Problem 1: “Call graph includes too many library methods (java.util.*, etc.)”

Why: No filtering - you’re graphing the entire JDK.
Fix: Filter out standard library packages. Only graph application code.
Quick test: Call graph should have <1000 nodes for a typical app.

Problem 2: “Missing method calls - graph is incomplete”

Why: Reflection, lambda expressions, or method references not detected.
Fix: Combine static analysis with dynamic profiling (run app with instrumentation).
Quick test: Cross-check against actual execution trace from debugger.

Problem 3: “Singleton detection produces false positives”

Why: Any method named getInstance() triggers detection.
Fix: Check for static field + lazy initialization pattern, not just method name.
Quick test: Manual code review of detected Singletons.

Problem 4: “Generated diagram is unreadable - 1000+ lines of ASCII”
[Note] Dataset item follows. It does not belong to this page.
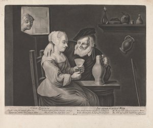 Junge Frau bietet einem Mann ein Glas Wein an(Jonge vrouw biedt een man een glas wijn aan)Jacob Ernst Marcus(print maker),Jacob Ernst Marcus(after drawing by),Jan Havicksz. Steen(after painting by) |
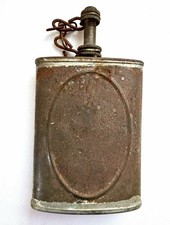 Antique WWI Steel Oil Flask Military Trench Lantern Fuel Primitive Can

Why: Showing entire call graph instead of high-level architecture.
Fix: Create multiple diagrams: overview + detailed sub-graphs for each layer.
Quick test: Overview diagram should fit on one screen (<50 lines).

Problem 5: “Analysis takes 10 minutes for 500 files”

Why: Parsing each file from scratch on every run.
Fix: Cache parsed ASTs, only re-parse changed files.
Quick test: Second run should be <5 seconds (cache hit).